The lecture focuses on constructing a Pushdown Automaton (PDA) for the language L = {w | |w|_a = |w|_b, w \in (a, b)*}. The instructor, Sanchit Jain, explains that the goal is to accept strings where the count of 'a's equals the count of 'b's, regardless of their order. He begins by setting up the PDA structure with an initial state q_0 and a final state q_f. He details the transition rules required to balance the characters. The strategy involves pushing characters onto the stack when they are the same as the top of the stack or the initial symbol, but popping them when an 'a' encounters a 'b' or a 'b' encounters an 'a'. This effectively cancels out matching pairs. The transitions written include a, Z_0 / aZ_0, a, a / aa, b, Z_0 / bZ_0, b, b / bb, a, b / \epsilon, and b, a / \epsilon. Finally, a transition \epsilon, Z_0 / Z_0 allows moving to the final state if the stack is empty.
Chapters
0:00 – 2:00 00:00-02:00
The instructor introduces the problem statement displayed on the screen: "Q Construct PDA that accepts L = {|w|_a=b | w \in (a, b)*}?". He starts drawing the state diagram, focusing on state q_0. He writes down the specific transition rules needed to handle the input alphabet {a, b}. He lists transitions such as a, Z_0 / aZ_0 and a, a / aa to push 'a's, and b, Z_0 / bZ_0 and b, b / bb to push 'b's. Crucially, he adds cancellation rules: a, b / \epsilon to pop a 'b' when an 'a' is read, and b, a / \epsilon to pop an 'a' when a 'b' is read. This establishes the logic for balancing the counts of the two characters.
2:00 – 3:53 02:00-03:53
The instructor demonstrates the PDA's functionality using the example string a a b a b b. He traces the stack evolution on the right side of the screen. Initially, the stack contains Z_0. As 'a' and 'a' are read, they are pushed, making the stack aaZ_0. When 'b' is read, it cancels an 'a', reducing the stack to aZ_0. The next 'a' is pushed, resulting in aaZ_0. The subsequent 'b' cancels an 'a', leaving aZ_0. The final 'b' cancels the last 'a', leaving only Z_0. He draws an arrow from q_0 to a final state q_f labeled \epsilon, Z_0 / Z_0, indicating that the string is accepted because the stack is empty (containing only the initial symbol) at the end of the input. The final state q_f is marked with a double circle to denote acceptance.

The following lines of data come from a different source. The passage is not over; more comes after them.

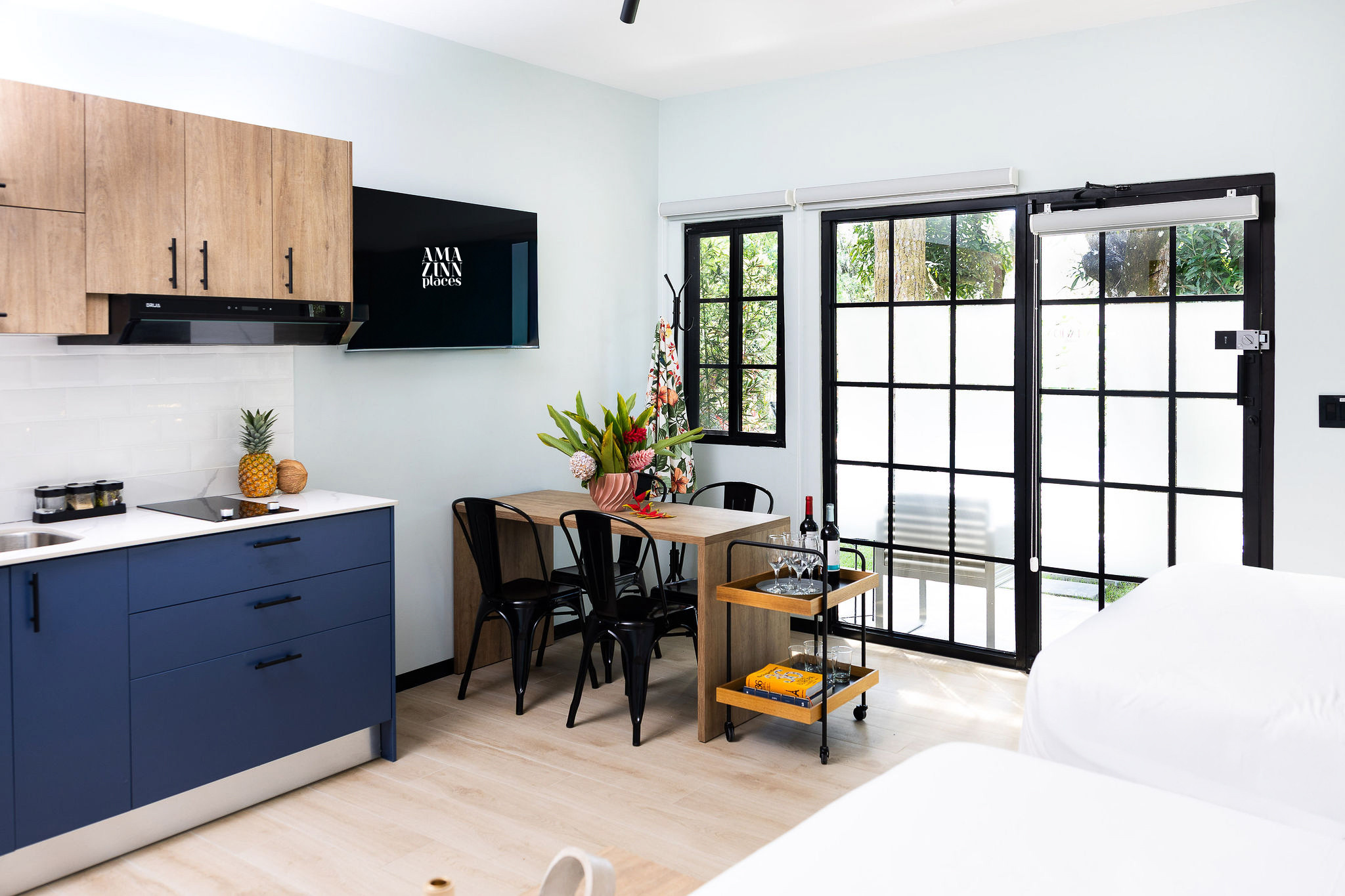 - Cocina americana totalmente equipada: Cocina eléctrica con refrigerador y congelador, microondas, café, cafetera, hervidor de agua, platos, cubiertos, copas de vino y utensilios básicos de cocina. Incluye mesa de comedor, productos de limpieza, ventilador de techo y zona de trabajo con enchufe cercano y wifi.
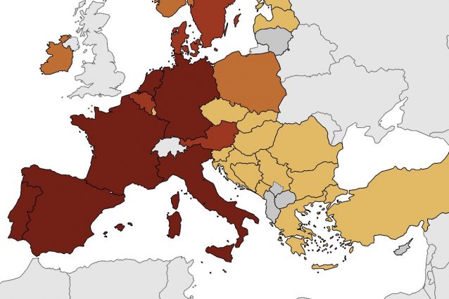 Secondo la mappa dell'Ecdc aggiornata al 3 agosto con i numeri del vaiolo delle scimmie, l'Italia è colorata di rosso scuro, con oltre 500 casi confermati. Allerta in Spagna, Portogallo, Germania, Francia e Paesi Bassi.
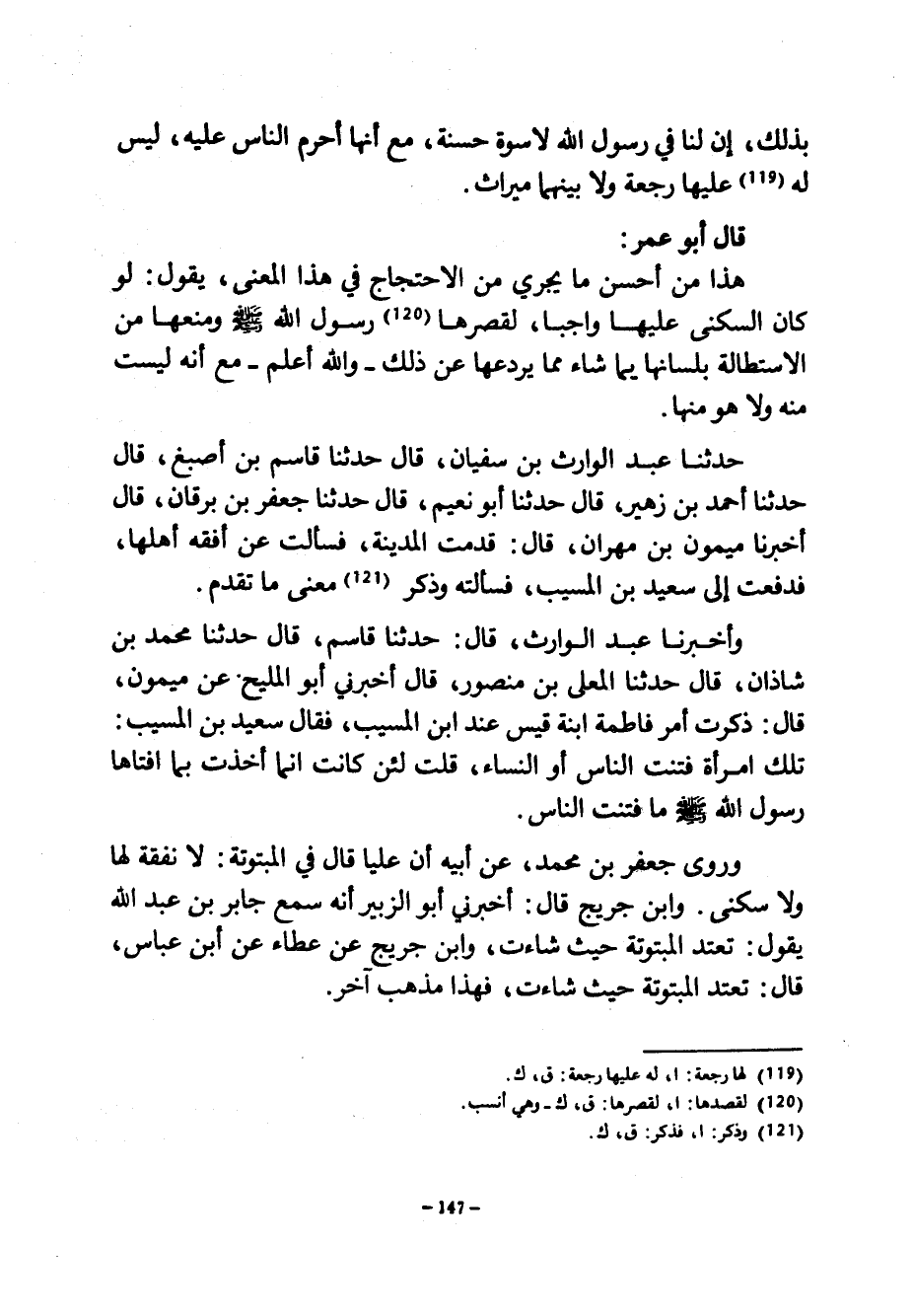 بِذَلِكَ إِنَّ لَنَا فِي رَسُولِ اللَّهِ لَأُسْوَةً حَسَنَةً مَعَ أَنَّهَا أَحْرَمُ النَّاسِ عَلَيْهِ لَيْسَ لَهُ عَلَيْهَا رَجْعَةٌ وَلَا بَيْنَهُمَا مِيرَاثٌ قَالَ أَبُو عُمَرَ هَذَا مِنْ أَحْسَنِ مَا يَجْرِي مِنْ الِاحْتِجَاجِ فِي هَذَا الْمَعْنَى يَقُولُ لَوْ كَانَ السُّكْنَى عَلَيْهَا وَاجِبًا لَقَصَرَهَا رَسُولُ اللَّهِ صَلَّى اللَّهُ عَلَيْهِ وَسَلَّمَ وَمَنَعَهَا مِنْ الِاسْتِطَالَةِ بِلِسَانِهَا بِمَا شَاءَ مِمَّا يَرْدَعُهَا عَنْ ذَلِكَ وَاللَّهُ أَعْلَمُ مَعَ أَنَّهُ لَيْسَتْ مِنْهُ وَلَا هُوَ مِنْهَا حَدَّثَنَا عَبْدُ الْوَارِثِ بْنُ سُفْيَانَ قَالَ حَدَّثَنَا قَاسِمُ بْنُ أَصْبَغَ قَالَ حَدَّثَنَا أَحْمَدُ بْنُ زُهَيْرٍ قَالَ حَدَّثَنَا أَبُو نُعَيْمٍ قَالَ حَدَّثَنَا جَعْفَرُ بْنُ بُرْقَانَ قَالَ أَخْبَرَنَا مَيْمُونِ بْنِ مِهْرَانَ قَالَ قَدِمْتُ الْمَدِينَةَ فَسَأَلْتُ عَنْ أَفْقَهِ أَهْلِهَا فَدُفِعْتُ إِلَى سَعِيدِ بْنِ الْمُسَيَّبِ فَسَأَلْتُهُ وَذَكَرَ مَعْنَى مَا تَقَدَّمَ وَأَخْبَرَنَا عَبْدُ الْوَارِثِ قَالَ حَدَّثَنَا قَاسِمٌ قَالَ حَدَّثَنَا مُحَمَّدُ بْنُ شَاذَانَ قَالَ حَدَّثَنَا الْمُعَلَّى بْنُ مَنْصُورٍ قَالَ أَخْبَرَنِي أَبُو الْمُلَيْحِ عَنْ مَيْمُونٍ قَالَ ذَكَرْتُ أَمْرَ فَاطِمَةَ ابْنَةِ قَيْسٍ عِنْدَ ابْنِ الْمُسَيَّبِ فَقَالَ سَعِيدُ بْنُ الْمُسَيَّبِ تِلْكَ امْرَأَةٌ فَتَنَتِ النَّاسَ أَوِ النِّسَاءَ قُلْتُ لَئِنْ كَانَتْ إِنَّمَا أَخَذَتْ بِمَا أَفْتَاهَا رَسُولُ اللَّهِ صَلَّى اللَّهُ عَلَيْهِ وَسَلَّمَ مَا فَتَنَتِ النَّاسَ وَرَوَى جَعْفَرُ بْنُ مُحَمَّدٍ عَنْ أَبِيهِ أَنَّ عَلِيًّا قَالَ فِي الْمَبْتُوتَةِ لَا نَفَقَةَ لَهَا وَلَا سُكْنَى وَابْنُ جُرَيْجٍ قَالَ أَخْبَرَنِي أَبُو الزُّبَيْرِ أَنَّهُ سَمِعَ جَابِرَ بْنَ عَبْدِ اللَّهِ يَقُولُ تَعْتَدُّ الْمَبْتُوتَةُ حَيْثُ شَاءَتْ وَابْنُ جُرَيْجٍ عَنْ عَطَاءٍ عَنِ ابْنِ عَبَّاسٍ قَالَ تَعْتَدُّ الْمَبْتُوتَةُ حَيْثُ شَاءَتْ فَهَذَا مَذْهَبٌ آخَرُ
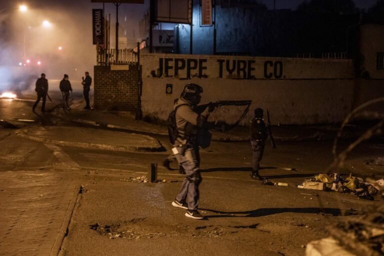 Carta de Joanesburgo Agentes de segurança privada durante uma operação conjunta com a polícia sul -africana em Jeppestown, um subúrbio
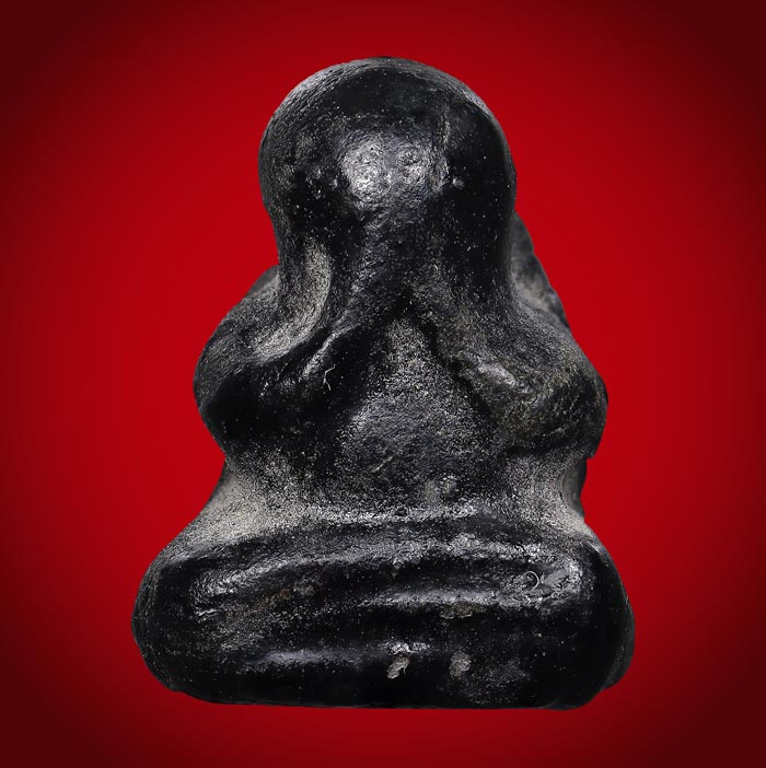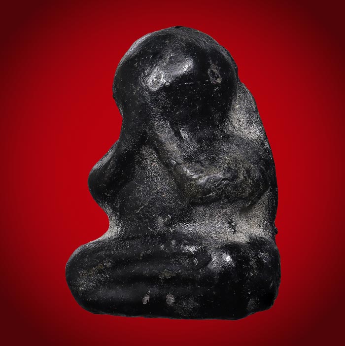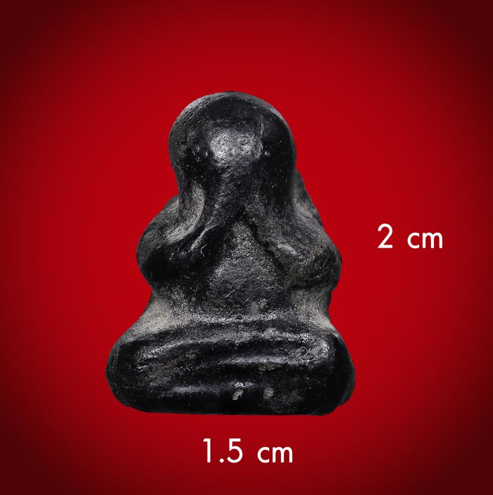 พระปิดตา เนื้อผงจุ่มรัก หลังเรียบ(ไม่ทราบที่) ขนาดพระฐาน 1.5 cm สูง 2 cm
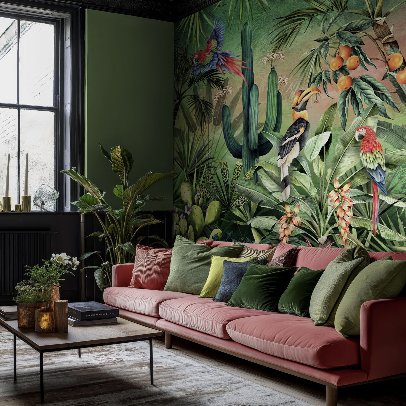 A celebration of sun-drenched escapism and botanical opulence, Majorelle Calypso is an immersive mural inspired by the enchanting serenity of Marrakesh’s Jardine Majorelle. Towering cacti and abundant tropical foliage rise in layered harmony, capturing that moment when lush greenery envelops you entirely, alive with birdsong, warmth and the golden hush of North African sunshine.
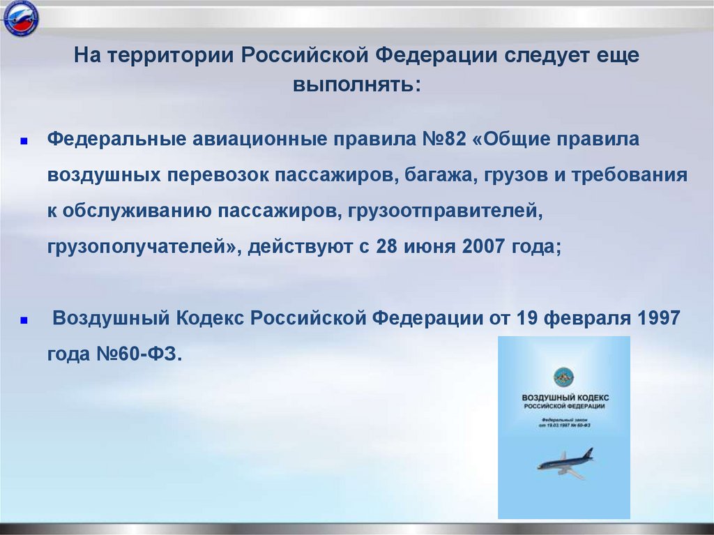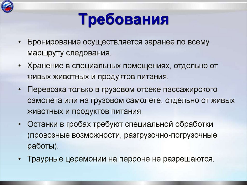 воздушных перевозок пассажиров, багажа, грузов и требования
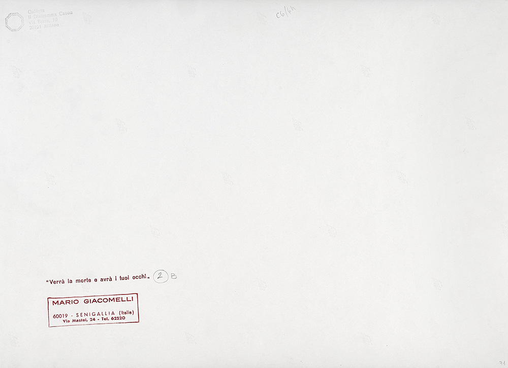 Artist's credit stamp, title and the Gallery 'Il Diaframma' credit stamps on the reverse.
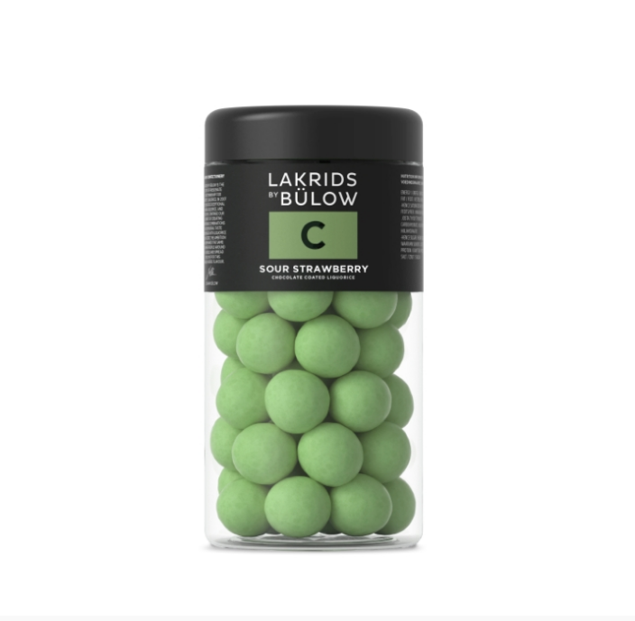 Forestill deg nyplukkede grønne jordbær sammen med utsøkt rød lakris i en søt, fruktig bit. Nyt hvordan friske og syrlige toner fra sprø, grønne jordbær balanseres perfekt med seig, rød lakris, alt omsluttet av silkemyk, hvit sjokolade og et knasende....
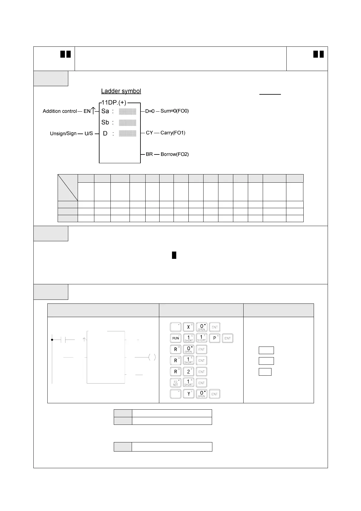 ● Performs the addition of the data specified at Sa and Sb and writes the results to a specified register D
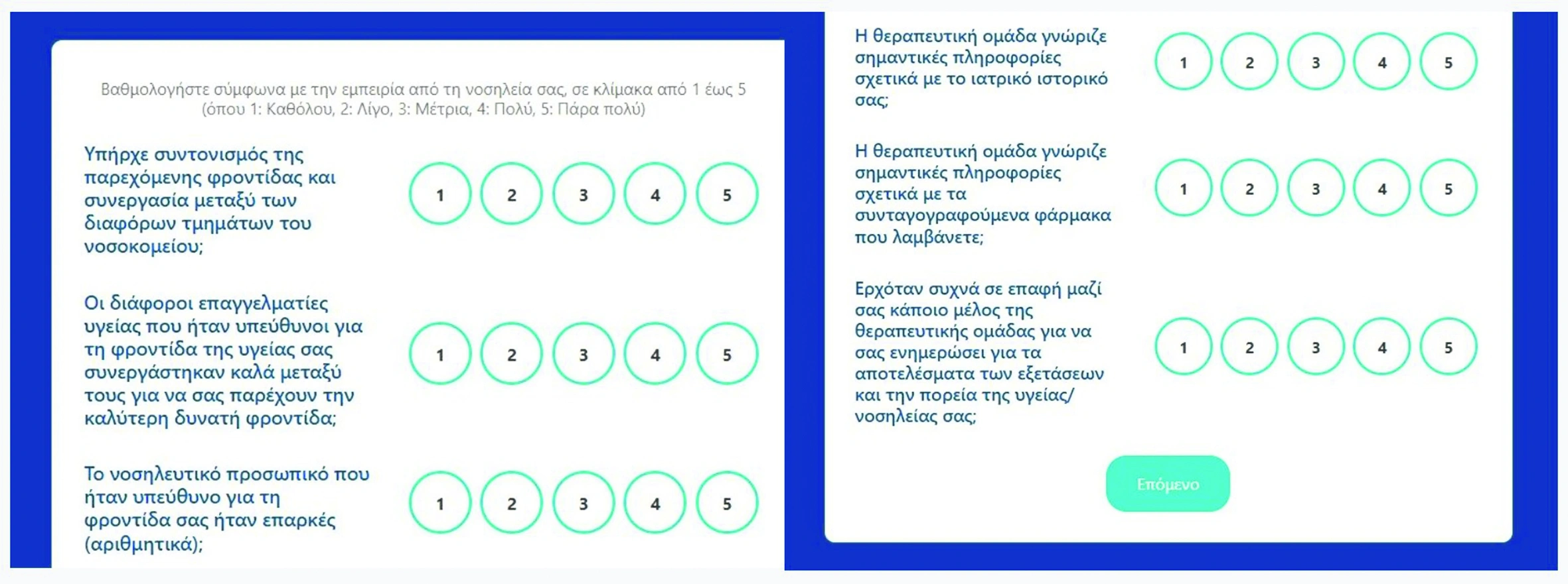 Η πρώτη φάση εφαρμογής περιλαμβάνει τα γενικά και πανεπιστημιακά δημόσια νοσοκομεία. Αργότερα, το πρόγραμμα θα επεκταθεί και στα παιδιατρικά και ογκολογικά νοσοκομεία, καθώς εκεί απαιτούνται νέα προσαρμοσμένα ερωτηματολόγια.
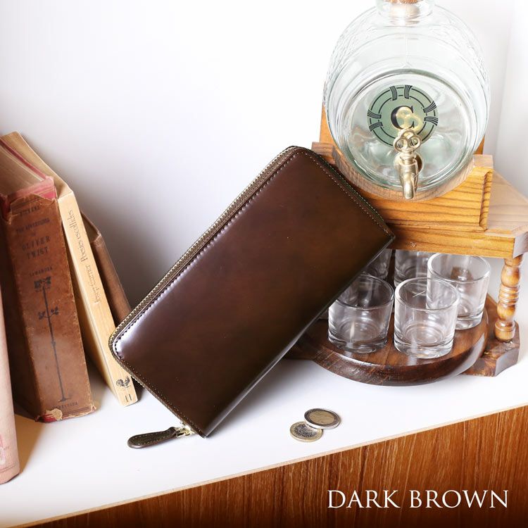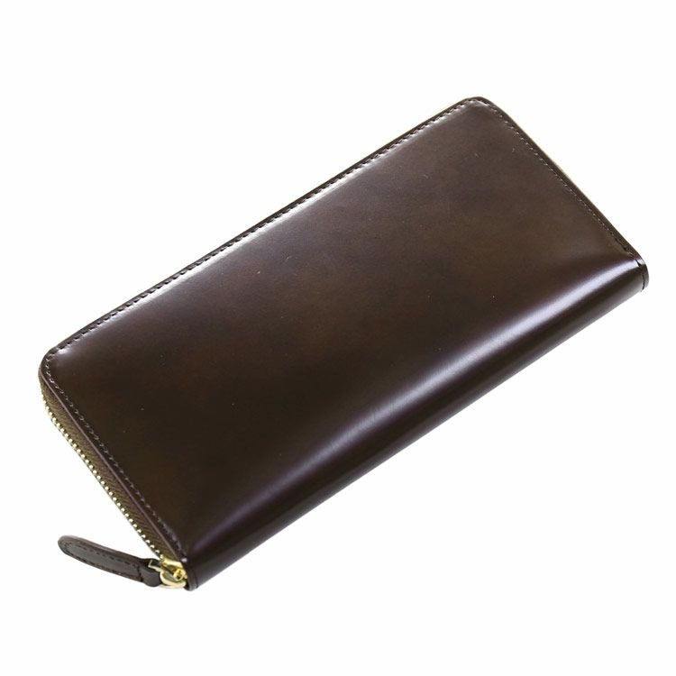 大人の品格を上げるコードバンのラウンドファスナー長財布。
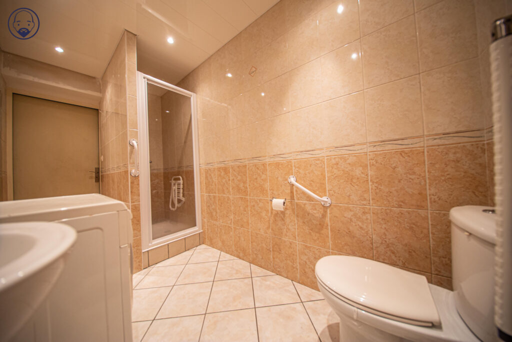 En rez-de-chaussée…Entrée sur couloir desservant une chambre, une salle d’eau avec WC, une cuisine équipée avec accès terrase ainsi que le jardin entièrement clos, accès par portail coulissant. On accède également au garage, à l’espace chaufferie et à une remise.
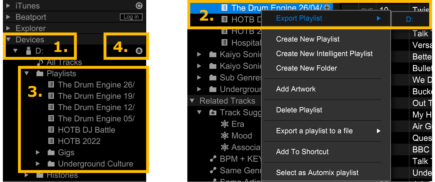 Right click on the playlist you’d like to export, hover over ‘Export Playlist’ and click on your USB device. You can do this for playlists you’ve already imported to your Rekordbox collection, as well as iTunes playlists or folders on your computer.
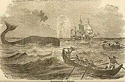 Various ancillary industries on Nantucket such as shipbuilding and spermaceti processing also emerged to support the growth of this new burgeoning island economy. Recognizing their fortunate geographic location and in need of a good living, large numbers of these early settlers began to hunt sperm whales by the early 1700s. Herman Melville wrote in Moby Dick that "thus have these Nantucketers overrun and conquered the watery world like so many Alexanders."[4] By the time the American Revolution began in 1775, the island had become the premier whaling economy on the Eastern Seaboard and had developed into a crucial trade partner for the British Empire across the Atlantic.[3]
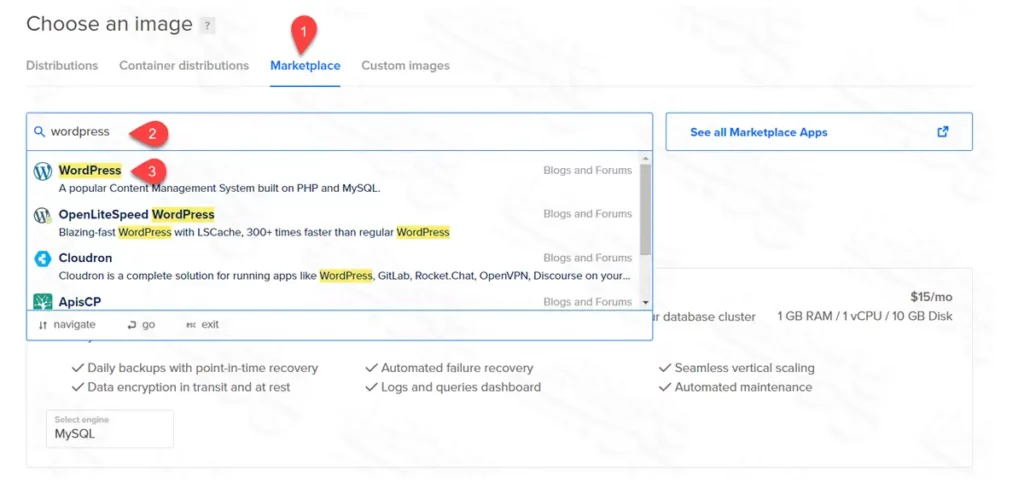 خطوات تنصيب ووردبريس على ديجتال أوشن Digital Ocean تتكون من 3 خطوات، وهي:

The video effectively bridges the gap between theoretical PDA construction and practical execution. By defining specific push and pop transitions that cancel opposing characters, the instructor creates a robust mechanism for counting. The step-by-step trace of the string a a b a b b validates the logic, showing how the stack height fluctuates but returns to the base level only when the counts are perfectly balanced. This confirms that the constructed PDA correctly recognizes the language L.